Understanding Shapefiles

  • Shapefiles are a simple non-topological format to store geometric location and attribute information for geographical features.

  • They are commonly used in spatial analyses as a type of map.

  • We can read a shapefile or a sf object with the st_read() function of sf.

  • For example, here we read the Eth_Region_2013.shp shapefile of sf which contains the regions of Ethiopia, with their name, and Region and country code.

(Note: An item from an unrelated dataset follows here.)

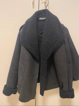 Giaccone in ecopelle con fodera in sherpa.mlto caldo - Collo ampio in sherpa. - Chiusura frontale con bottoni - Polsini e fondo con dettaglio sherpa. - taglio leggermente a campana indossaro poche volte

Reading a Shapefile with sf

Code
library(sf)
ethR_shape <- st_read("Ethiopia_All/Eth_Region_2013.shp", 
                      quiet = TRUE)
class(ethR_shape)
[1] "sf"         "data.frame"
Code
head(ethR_shape, 2)
Simple feature collection with 2 features and 6 fields
Geometry type: MULTIPOLYGON
Dimension:     XY
Bounding box:  xmin: 460361.8 ymin: 976360 xmax: 864787.5 ymax: 1602973
Projected CRS: Adindan / UTM zone 37N
   REGIONNAME REG_P_CODE REG_Pcode      HRname HRpcode HRparent
1 Addis Ababa         14      ET14 Addis Ababa    ET14       ET
2        Afar          2      ET02        Afar    ET02       ET
                        geometry
1 MULTIPOLYGON (((475625.4 10...
2 MULTIPOLYGON (((626409.3 16...
  • The sf object ethR_shape is a data.frame containing a collection with

    • [11 simple features (rows)] {style=“color:#ae01c7;”} and 6 attributes (columns) [plus a list-column with the geometry of each feature] {style=“color:red;”}.
  • A sf object contains the following objects of class sf, sfc and sfg:

    • sf (simple feature): each row of the data.frame is a single simple feature consisting of attributes and geometry.
    • sfc (simple feature geometry list-column): the geometry column of the data.frame is a list-column of class sfc with the geometry of each simple feature.
    • sfg (simple feature geometry): each of the rows of the sfc list-column corresponds to the simple feature geometry (sfg) of a single simple feature.
  • The sf package stores geometric features in a data frame.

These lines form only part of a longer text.